Do you remember drinking brandy at 3 a.m., stoking the fire, writing poems while ghosts gathered, egging you on?
Do you remember how it feels to cut down trees. Do you remember when the blind horse had eyes still.
How her shoulders move when she lifts her shirt.
How we lie, and push through lies to truth, and through truth to what never changes, and there rest, like rangers with no clear adversary or home to go back to.
How she rights something in my thinking by upending assumptions too long held about what the body does and why. Do you remember walking in darkness where the river swelled beneath towering pines.
Do you remember kissing. Do you remember swallowing. Do you remember lying awake unable to sleep because grief had turned your bedroom into a torture chamber.
Is your heart ruined. Is your soul a ruins.
Friday, January 15, 2021
Well, in important ways, dictionaries are traps, as language is as well. Being Irish in a way that speaks to certain condition of violence, usually but not always directed at oneself. Stroking my thumb gently swelling around a splinter.
Put it in quotation marks to create an impression of irony. Be serious, be sanctified.
The scent of hay before dawn, the blind horse crying out in the darkness under Venus.

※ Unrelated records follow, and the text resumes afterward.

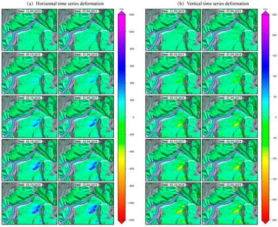 (a) Horizontal time-series deformation; (b) vertical time-series deformation.
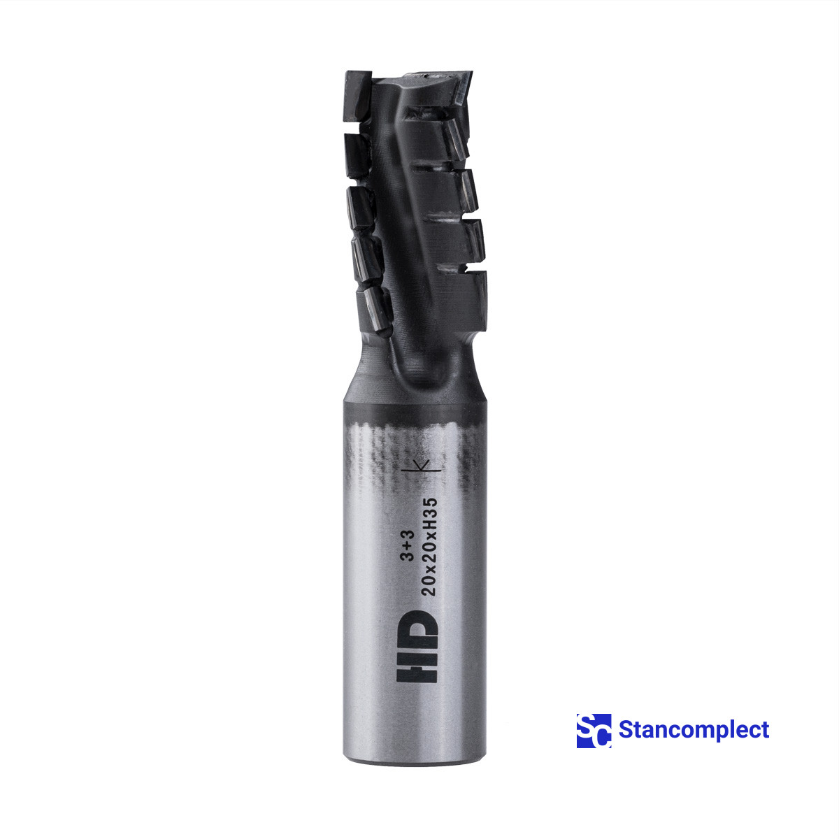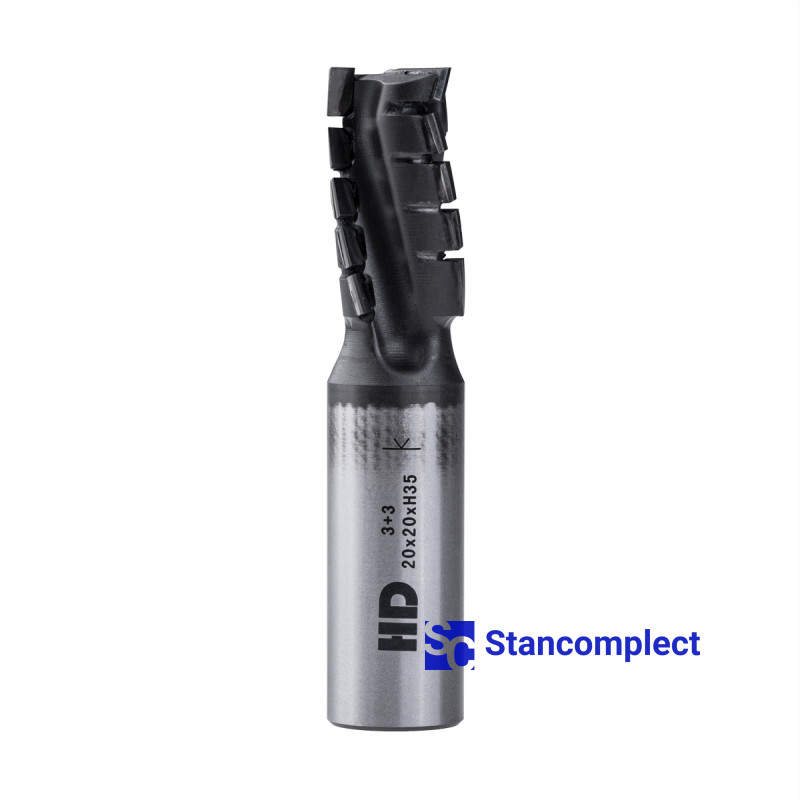 Diamond router cutter with coating 20x35x97x20 Z=3+3 Nesting HD (Taiwan) for cutting chipboard is used on CNC router machines for planing, cutting quarters, grooving, overrunning and cutting chipboard, MDF, laminated chipboard, laminate, plastics and veneered panels. High productivity is achieved with preliminary and finishing milling.
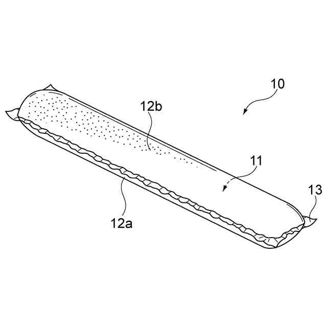 本発明の一実施形態に係る水溶性単位用量物品10は、図1に示すように、スティック状に構成され、水溶性物質11と、第1水溶性フィルム12aと、第2水溶性フィルム12bと、を有する。水溶性単位用量物品10では、水溶性物質11が内容物を構成し、水溶性フィルム12a,12bが包装材を構成する。
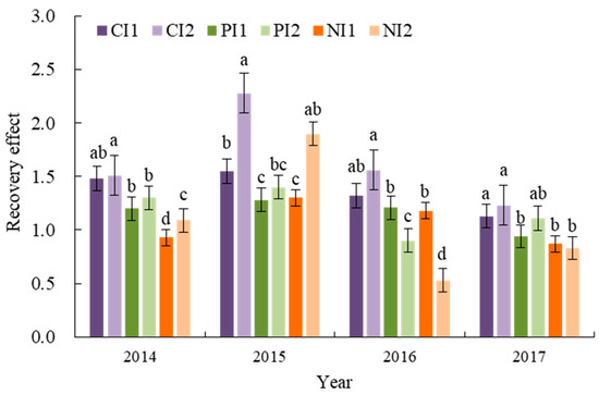 Recovery effect of maize in an intercropping system after wheat harvest in 2014, 2015, 2016, and 2017. CI: Complete below-ground interaction. PI: Partial below-ground interaction. NI: No below-ground interaction. “1” and “2”: Low- and high-density maize planting, respectively. The error bars indicate the standard errors of the means (n = 3). The lowercase letters above the bars indicate significant differences (p < 0.05).

At a late juncture my father visits and reminds me that being haunted is a decision, a regrettably uninformed one, yet when I ask about happiness he grows strangely quiet, as if I am speaking another language.
She removes the purple shirt a thousand miles away and my breath catches and all of a sudden the Kingdom expands to include everything I have ever wanted, ever feared, ever regretted, ever promised.
Emily Dickinson being "ceded." Shiva in her, Seders in her.
What is parallel, possible, prohibited, pleasing.
Sunlight streams through crystal vases found in the dirt beneath old barns torn down after at least a century of neglect. Reflections in hemlocks. The quarter moon hangs low over the town gazebo strung with holiday lights, oddly gutting. There are neither causes nor effects, live life accordingly.
He wrote writing that over the years taught him he was being written, and the only thing that mattered was the author to whom he submitted. Can I get an amen.
Can I be happy in cold winds high above a frozen earth.
Can I allow her to see me. In the dark the light I am makes possible.
Thursday, January 14, 2021
And so it is day.
Sanskrit sensibility affects me and the movement is slow and elegant, as if I have been emptying the bodies of animals all day in anticipation of a long winter.
On my shoulder the moon, and in my mind, brother Lucifer.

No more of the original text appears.